Love thy neighbour as thyself

five_neighbours

I’m not religious, but the bible does have a lot of wisdom passed down through the years.

Research shows that one in eight Britons don’t know their neighbours. This figure was higher among those who lived alone. But they are the ones who may need next-door friends the most. A quarter of us do not know our neighbours’ names and 60% of us do not even talk to them.

Mine are fantastic. Yesterday for example, my kettle broke. This was not a life-threatening situation, but it was irritating having to boil up water in the pan. The guy next door brought over a spare. He could get rid of something that was collecting dust and I could have a cup of tea quicker, rather than waiting for my humble two-plate burner to heat up enough to boil water for 15 minutes. An0ther time he brought round some food when I ran out and hadn’t realised. In return when I had too many yoghurts that were close to their sell-by date I let him know and his whole family enjoyed them.

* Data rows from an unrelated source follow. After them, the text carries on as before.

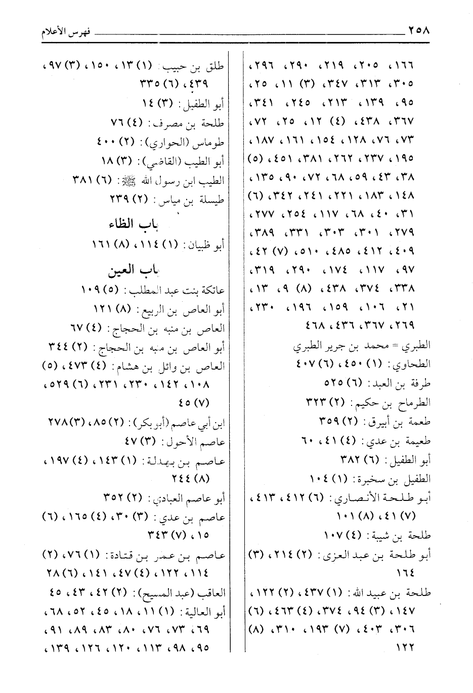166، 205، 219، 290، 296، 305، 313، 347، (3) 11، 25، 95، 139، 213، 245، 341، 367، 438، (4) 12، 25، 72، 73، 76، 128، 154، 161، 187، 195، 237، 262، 381، 451، (5) 38، 43، 59، 68، 72، 90، 135، 148، 183، 221، 241، 342، (6) 31، 40، 68، 117، 254، 277، 279، 301، 303، 331، 389، 409، 412، 485، 510، (7) 42، 97، 117، 174، 290، 319، 338، 374، 438، (8) 9، 13، 21، 106، 159، 196، 230، 269، 367، 436، 468 الطبري محمد بن جرير الطبري الطحاوي: (1) 450، (6) 407 طرفة بن العبد: (6) 525 الطرماح بن حكيم: (2) 323 طعمة بن أبيرق: (2) 359 طعيمة بن عدي: (4) 41، 60 أبو الطفيل: (6) 382 الطفيل بن سخبرة: (1) 104 أبو طلحة الأنصاري: (6) 412، 413، (7) 41، (8) 101 طلحة بن شيبة: (4) 107 أبو طلحة بن عبد العزى: (2) 214، (3) 164 طلحة بن عبيد الله: (1) 437، (2) 122، 147، (3) 94، 374، (4) 463، (6) 306، 403، (7) 193، 310، (8) 122 طلق بن حبيب: (1) 13، 150، (3) 97، 439، (6) 335 أبو الطفيل: (3) 14 طلحة بن مصرف: (4) 76 طوماس (الحواري) : (2) 400 أبو الطيب (القاضي) : (3) 18 الطيب ابْنُ رَسُولِ اللَّهِ صَلَّى اللَّهُ عَلَيْهِ وَسَلَّمَ: (6) 381 طيسلة بن مياس: (2) 239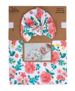 Baby Essentials Girls Soft Floral Print Swaddle Wrap Blanket With Matching Turban, 2 Piece Set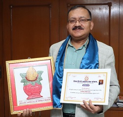 समारोह के मुख्य अतिथि मंडलायुक्त डॉ. सुरेंद्र कुमार पांडेय ने कहा कि संस्कृत और हिन्दी एक ही सांस्कृतिक परंपरा की भाषाएँ हैं। अंग्रेज़ी जानना आवश्यक है, पर हिन्दी की कीमत पर नहीं। विशिष्ट अतिथि डॉ. एन. बी. सिंह ‘हरियाली गुरु’ रहे। इस अवसर पर अनेक साहित्यकारों को सम्मानित किया गया। उसी क्रम में, कोंकण रेलवे के अध्यक्ष एवं प्रबंध निदेशक तथा प्रसिध्द कवि श्री सन्तोष कुमार झा को उनके नेतृत्व में किये जा रहे उत्कृष्ट राजभाषा कार्यान्वयन हेतु “राजभाषा सम्मान– 2024” से गौरवान्वित किया गया। उल्लेखनीय है कि श्री झा के चार काव्य संग्रह ‘उन्मुक्त’, ‘सूरज का वारिस’, ‘फूल, कलम और बंदूक’ तथा ‘स्याही का सिपाही’ प्रकाशित हो चुके हैं। अन्य सम्मानित साहित्यकारों में डॉ. वंदना अग्निहोत्री, डॉ. सीमा वर्मा, डॉ. विजयलक्ष्मी, रजनी प्रभा, फरहत, राणा प्रताप सहित अनेक विद्वान शामिल रहे। मंच संचालन डॉ. सीमा वर्मा एवं रश्मि चौबे ने किया तथा डॉ. गोकुलेश्वर कुमार द्विवेदी ने आभार व्यक्त किया।

In the past our nearby residents have been vital, babysitting us while our parents were out and even modelling for art projects. It makes you feel good to help others and you really get a sense of community spirit which hardly exists anymore in some areas. Being a good neighbour can even add extra value on to your next-door resident’s house, with 40% of buyers prepared to pay more for “trustworthy” and “quiet” neighbours. 

Bad neighbours can be the bane of our lives – messy, noisy and generally irritating. But good neighbours should be appreciated, we should invite them to our parties and help them when we can. When we’re away, they’re the ones who can keep the house going and keep it safe. When we’re in trouble they’re sometimes the only ones who are there to assist. Their proximity means you can share things you both use – some neighbours even share Wi-Fi. Websites have taken off on this idea, with the likes of streetbank.com and nextdoor.com being used by thousands. I am lucky having excellent people on both sides of me. It helps that they have known me since I was a baby and that they get on well with my parents.

On the Telegraph news website you can take a test to see how your good neighbour credentials stack up.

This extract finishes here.